(Task brief): Return exactly the lines of the data below, from the one that contains "Faux Leather Elephant" through the final line, and leave out every picture.

Start of Source material

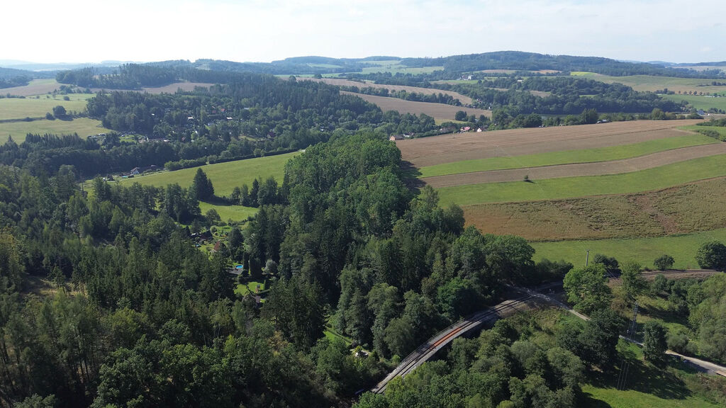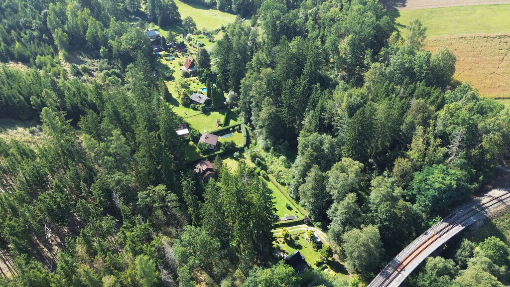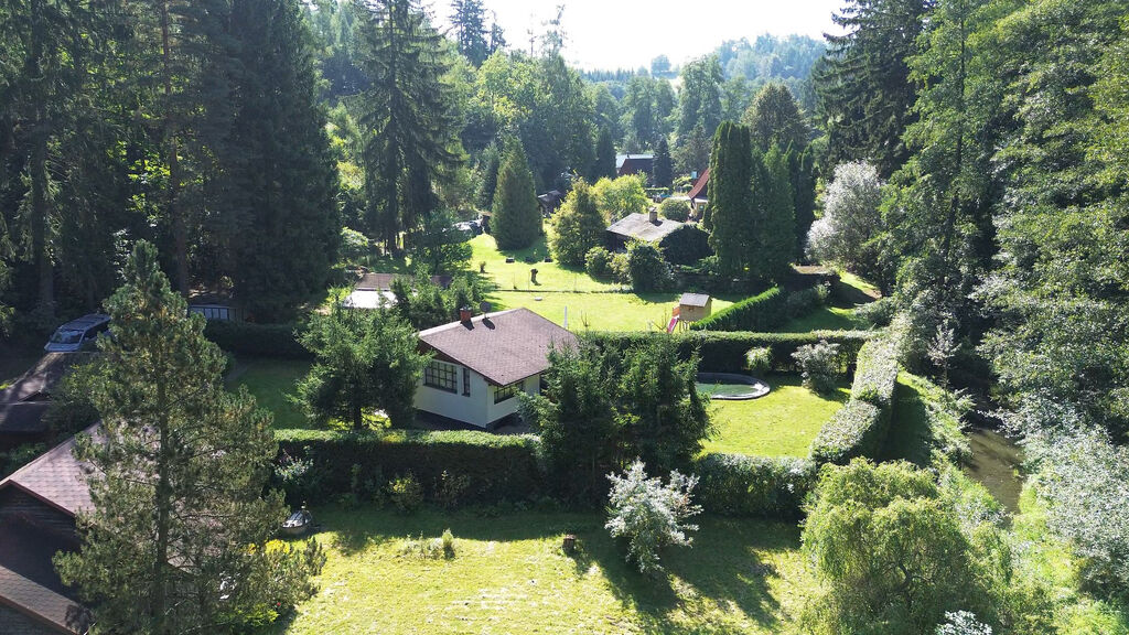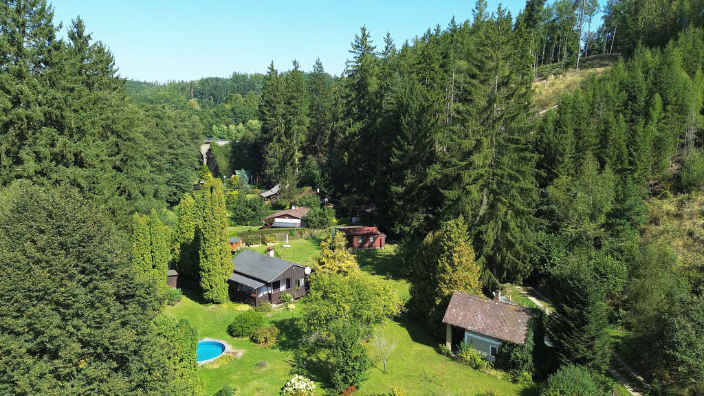 Na dohled potůček na „rybařeníčko“, okolí tvoří slunné údolí a hluboké lesy – ideální na procházky, kolo i houby.
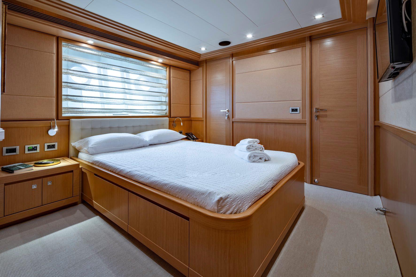 She can accommodate 12 charter guests in 5 cabins including the owner's suite on the main deck forward plus 4 cabins on the lower deck including two doubles aft and two twin cabins with a Pullman bunk.
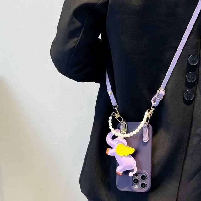 Faux Leather Elephant Charm Faux Pearl Strap Phone Case
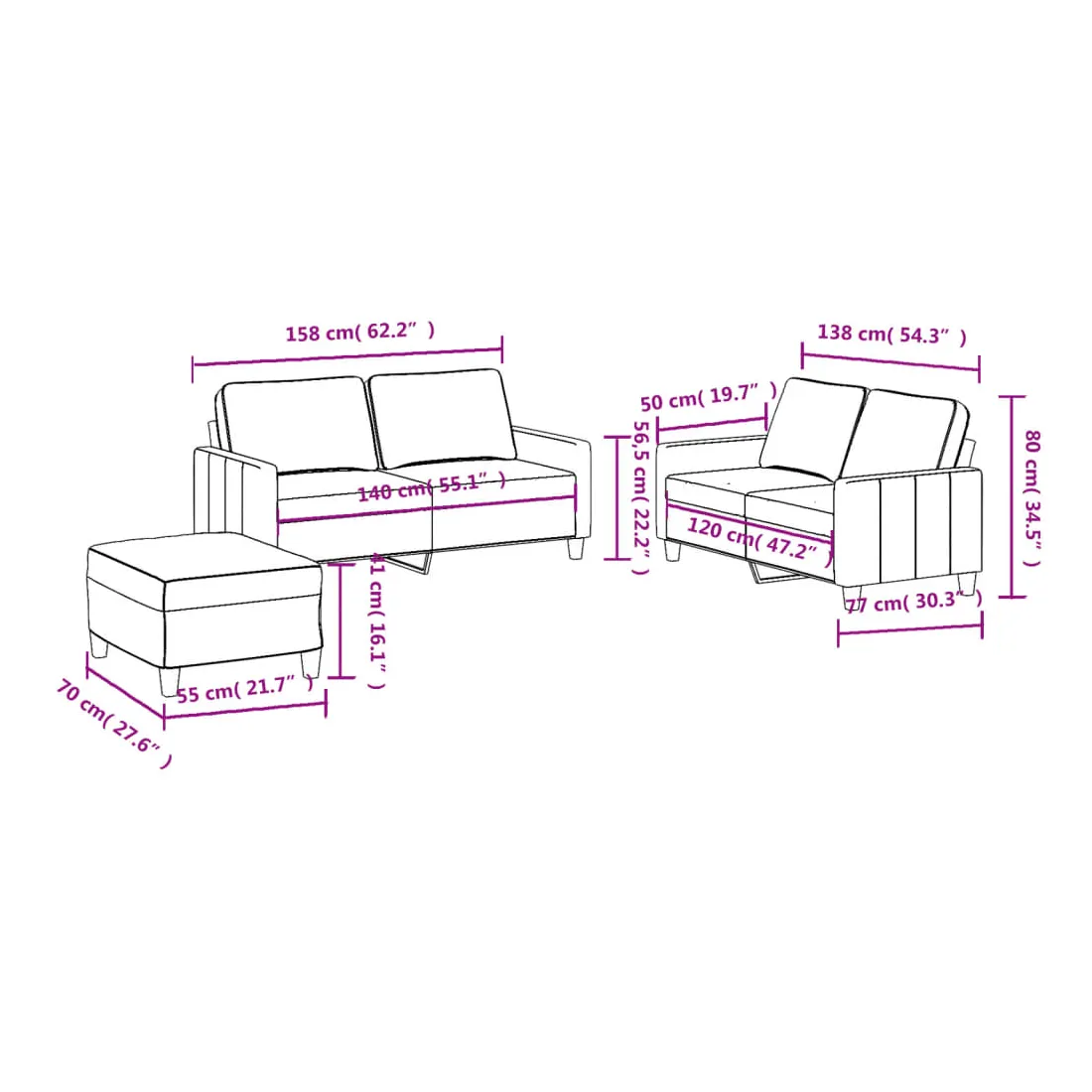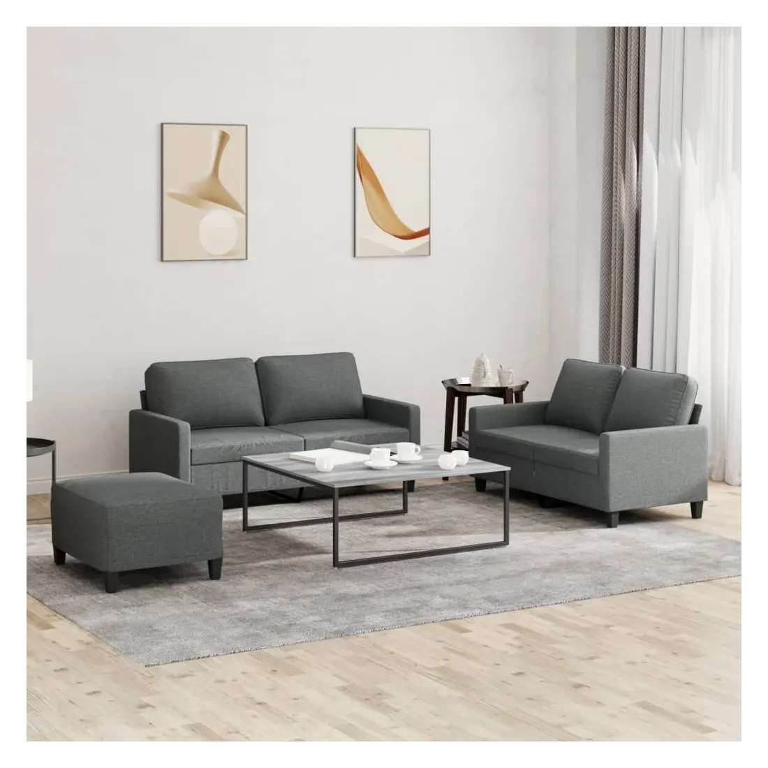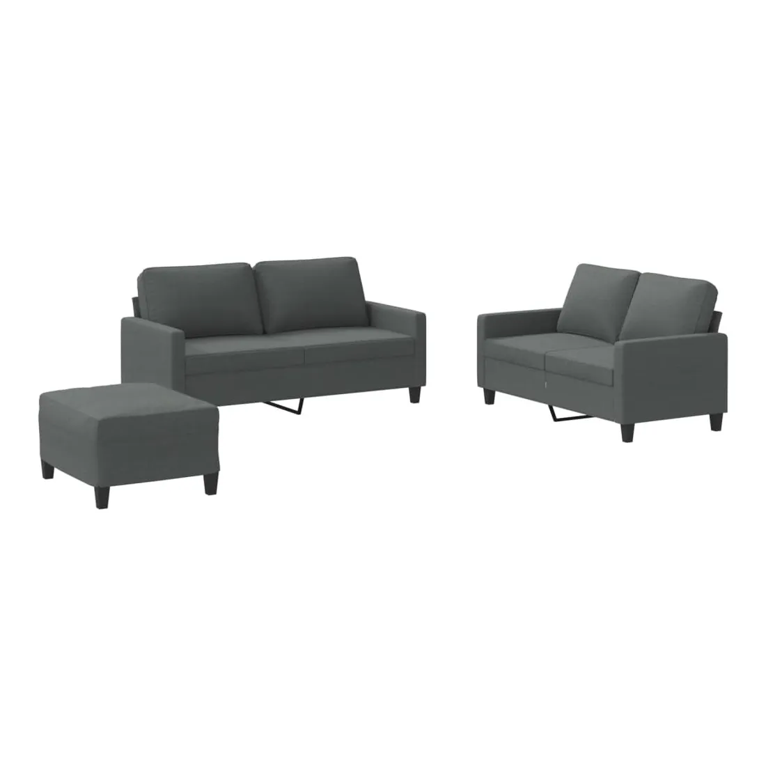 Cet ensemble de canapés est un excellent endroit pour discuter, lire, regarder la télévision ou simplement vous détendre. Il est destiné à être un point central de votre maison. Tissu durable : le tissu présente un aspect simple et épuré tout en restant respirant et durable.Structure robuste et stable : la structure en contreplaqué et en métal du canapé assure robustesse et stabilité.Expérience d'assise confortable : le canapé est très confortable grâce au siège et aux accoudoirs épais et rembourrés.Pouf polyvalent : ce repose-pied convient pour reposer vos pieds lorsque vous êtes allongé dans un canapé, ou pour vous offrir un siège supplémentaire dans votre pièce. De plus, le design simple et la taille compacte le rendent idéal pour presque tous vos espaces de vie.

End of Source material

(Problem solution):
 Faux Leather Elephant Charm Faux Pearl Strap Phone Case
 Cet ensemble de canapés est un excellent endroit pour discuter, lire, regarder la télévision ou simplement vous détendre. Il est destiné à être un point central de votre maison. Tissu durable : le tissu présente un aspect simple et épuré tout en restant respirant et durable.Structure robuste et stable : la structure en contreplaqué et en métal du canapé assure robustesse et stabilité.Expérience d'assise confortable : le canapé est très confortable grâce au siège et aux accoudoirs épais et rembourrés.Pouf polyvalent : ce repose-pied convient pour reposer vos pieds lorsque vous êtes allongé dans un canapé, ou pour vous offrir un siège supplémentaire dans votre pièce. De plus, le design simple et la taille compacte le rendent idéal pour presque tous vos espaces de vie.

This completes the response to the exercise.